• **WHAT YOU WILL DO**: Each entry that follows should be set down precisely, with its pictures removed.

• **INPUT MATERIAL**:
******************************

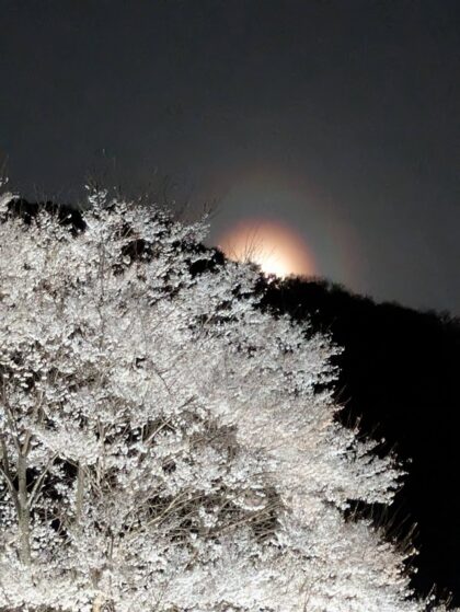 それも、ライトアップ終了の直前に現れカメラをしまって、帰り支度のカメラマンが、慌てて再度カメラを取り出す。当然、ライトアップも延長。奇跡ともいえる写真。
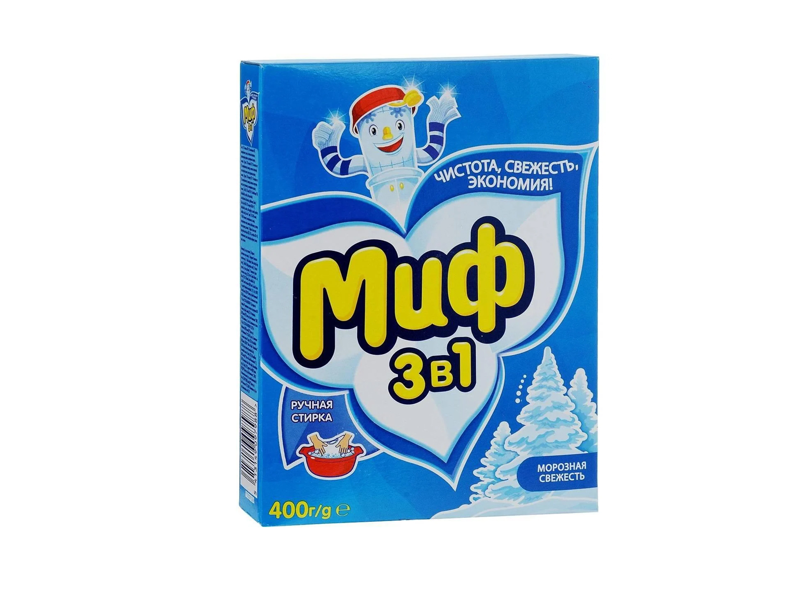Купив 1 упаковку стирального порошка Миф "Морозная свежесть", вы получаете сразу три преимущества: блестящая чистота вещей всей семьи, стойкий и приятный свежий аромат и доступная цена. Не нужно ничего делать — Миф сам отлично справится с работой. Средство для ручной стирки изделий из хлопчатобумажных, льняных, синтетических тканей и тканей из смешанных волокон (кроме шерсти и шелка).
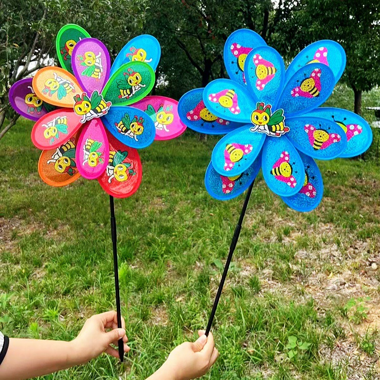 メーカーは国境を越えて人気のあるカラフルなスパンコール昆虫の大規模な二重風車の屋外露店玩具の代理を批判している
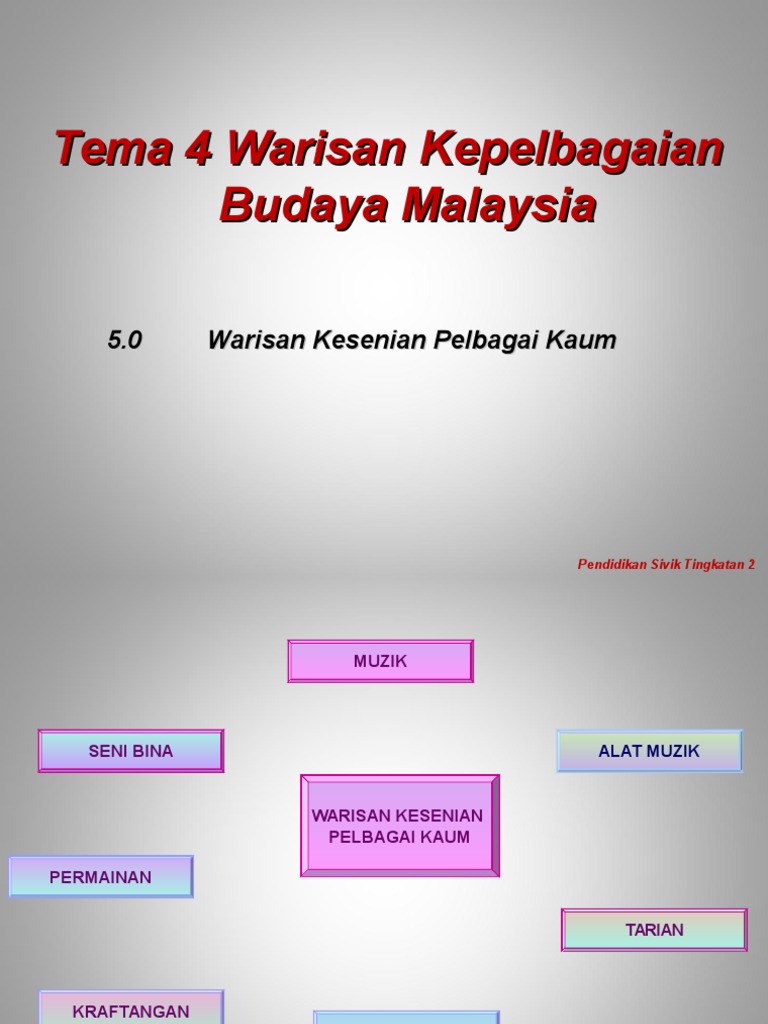Warisan kepelbagaian budaya malaysia tingkatan 5. Pelajar dan pekerja malaysia di luar negara. Tingkatan 1 tema 4. Kami seramai 5 orang dalam 1 kumpulan berkerjasama untuk mengumpul dan menyebarkan maklumat di laman wed kami bagi memenuhi sukatan pembelajaran kami dan sekaligus belajar mengetahui dan mengenali warisan kepelbagaian kaum di negara kita. Cara mempromosikan warisan budaya malaysia di dalam dan di luar negara duta kecil.
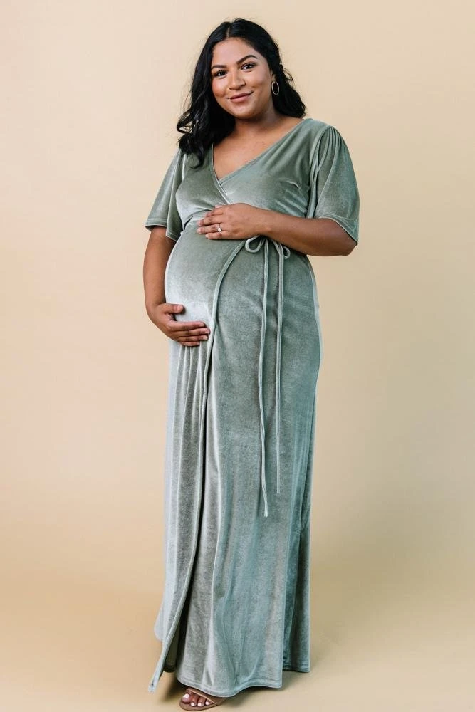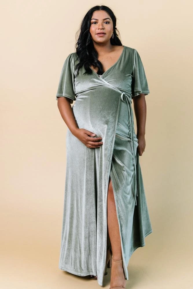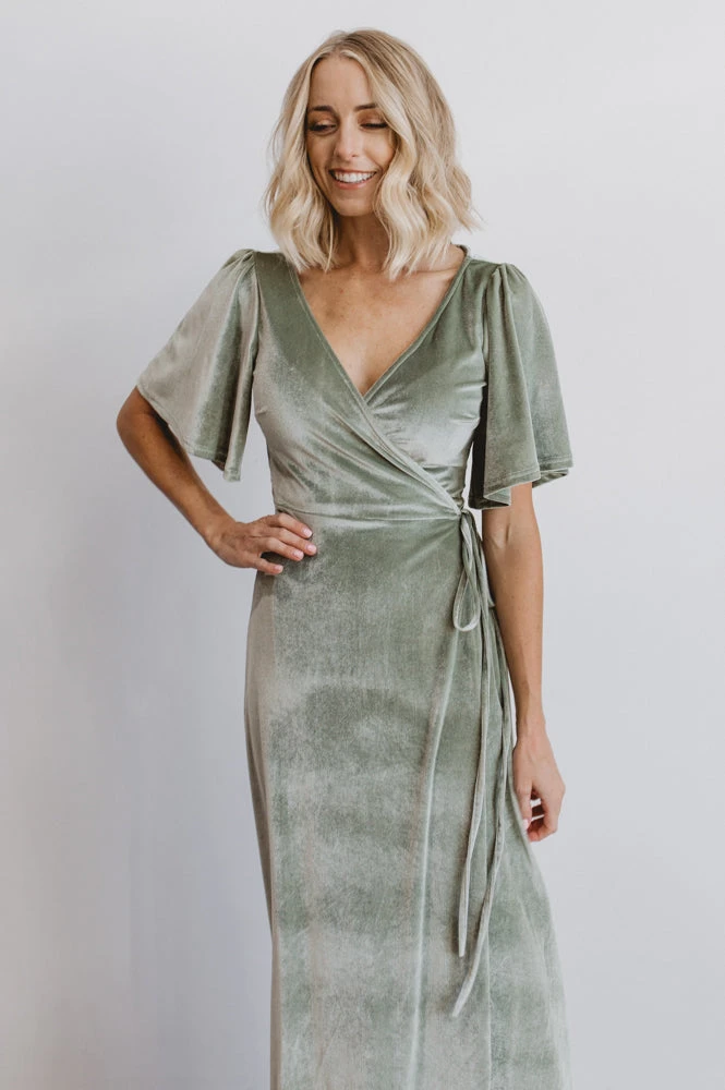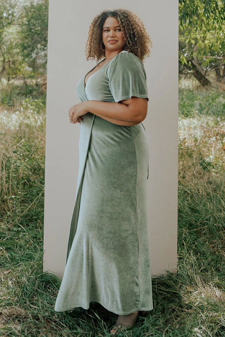 BB Custom Meghan Velvet Wrap Maxi Dress | Sage Dresses

******************************

• **EXERCISE OUTPUT**:
 それも、ライトアップ終了の直前に現れカメラをしまって、帰り支度のカメラマンが、慌てて再度カメラを取り出す。当然、ライトアップも延長。奇跡ともいえる写真。
Купив 1 упаковку стирального порошка Миф "Морозная свежесть", вы получаете сразу три преимущества: блестящая чистота вещей всей семьи, стойкий и приятный свежий аромат и доступная цена. Не нужно ничего делать — Миф сам отлично справится с работой. Средство для ручной стирки изделий из хлопчатобумажных, льняных, синтетических тканей и тканей из смешанных волокон (кроме шерсти и шелка).
 メーカーは国境を越えて人気のあるカラフルなスパンコール昆虫の大規模な二重風車の屋外露店玩具の代理を批判している
Warisan kepelbagaian budaya malaysia tingkatan 5. Pelajar dan pekerja malaysia di luar negara. Tingkatan 1 tema 4. Kami seramai 5 orang dalam 1 kumpulan berkerjasama untuk mengumpul dan menyebarkan maklumat di laman wed kami bagi memenuhi sukatan pembelajaran kami dan sekaligus belajar mengetahui dan mengenali warisan kepelbagaian kaum di negara kita. Cara mempromosikan warisan budaya malaysia di dalam dan di luar negara duta kecil.
 BB Custom Meghan Velvet Wrap Maxi Dress | Sage Dresses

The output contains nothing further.